Bayesian statistical tests: Instead of frequentist p-values, one can rely on Bayes Factors for inference (e.g., Schmalz et al., 2023).
- In R, you can use the package BayesFactor to calculate Bayes Factors for specific effects in linear mixed-effect models (Rouder et al., 2026).
- Here, one compares a model with an effect or interaction of interest to one that excludes this particular effect or interaction. The Bayes Factor is a ratio that quantifies the extent to which the data is more compatible with the model in the numerator than the denominator.
- Large values support the model in the numerator and small values support the model in the denominator.
- Unless one has theoretical reasons for doing otherwise, we recommend using the default prior to the BayesFactor package. If a different prior is chosen, it should be clearly reported and justified.
- For more straightforward interpretability, we recommend placing the more complex model in the numerator, so that increasingly small values (< 1) correspond to evidence for the null model and increasingly large values (>1) correspond to evidence for the alternative model.
- We recommend a continuous interpretation of the Bayes Factor rather than a "trichotomisation". The Bayes Factor provides a measure of the extent to which you should update your belief in the respective direction.
- Bayesian effect size estimation: Unlike the frequentist approach, which relies on the observed data only, Bayesian effect size estimation considers prior knowledge, which can take the form of existing data. See Bürkner, 2017 for a tutorial.

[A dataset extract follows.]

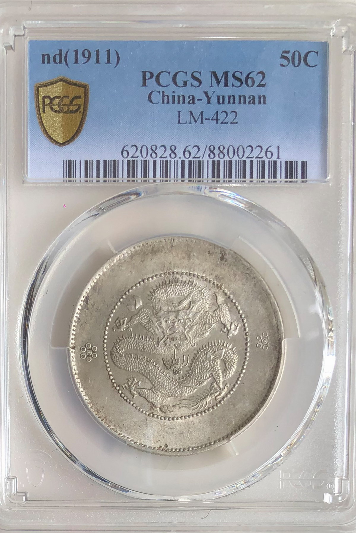 → 云南半圆 原光全龙鳞二珠点马尾龙 PCGS MS62
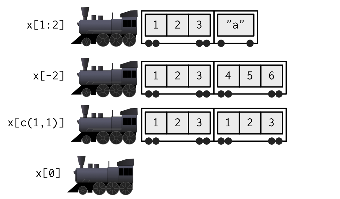 There are 2d and n-dimensional objects, e.g., matrices, data frames. We will talk about them later when we strat playing with data sets. Now, let’s use 1d vectors to introduce subsetting.

Additional possibilities for analysis

Monte-Carlo simulated experiments for a-priori or post-hoc measurements: Existing large-scale datasets (i.e., lexicon projects like the British Lexicon Project) allow for subsampling of experiments that enable running experiments with specific sample sizes and stimulus material to investigate effects (see Kupermann, 2015, Perry, 2024 for examples).

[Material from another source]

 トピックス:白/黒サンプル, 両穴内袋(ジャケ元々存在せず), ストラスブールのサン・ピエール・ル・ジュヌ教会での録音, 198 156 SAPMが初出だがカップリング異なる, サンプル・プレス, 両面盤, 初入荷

Beyond measuring an effect or phenomenon, one typically needs to implement a different set of inference methods. Commonly, one would like to predict future events based on current data (i.e., the prediction approach) or explain the causal structure of a phenomenon/effect to understand reading better (see Hofman et al. 2021 for a perspective).

In explanation focused (neuro)-cognitive models, one would use computational model simulations a priori to specify hypotheses. Comparing the behavioral data and its fit to different models could lead to stronger inferences about computational models (e.g., Perry et al., 2007 or Gagl et al., 2025; see Norris, 2013 for a review)
- Another interesting case here is the drift diffusion model (Ratcliff et al., 2004) that allows for modeling of both reaction times and accuracy data at the same time. Also, the model's output can be interpreted as the effect estimated on assumed processes like the drift rate (i.e., reflecting evidence accumulation before a decision is implemented). Note that the model can cope with exponential Gaussian response time distributions.
Prediction-focused learning models (e.g., Machine learning methods) can be used for many things:
- Explanations based on architectural constraints (i.e., compare Linke et al., 2017 vs. Hannagan et al., 2014) or through implementation of different training regimes (Hannagan et al., 2022) or the investigation of neuro-cognitive processes related to reading (Rajalingham et al., 2020; but see model comparisons can be applied to infer over-prediction and explanation focused models Pauli et al., 2025).
- Investigating memory structure (e.g., Trautwein et al., 2018 or Gatti et al., 2023)
- Diagnostics (e.g., Schmidtke & Moro, 2020; Gagl & Gregorova, 2024; but see Ziegler et al., 2020 for an approach using a explaination focused model)

Important: Share your data so these analyses can be conducted.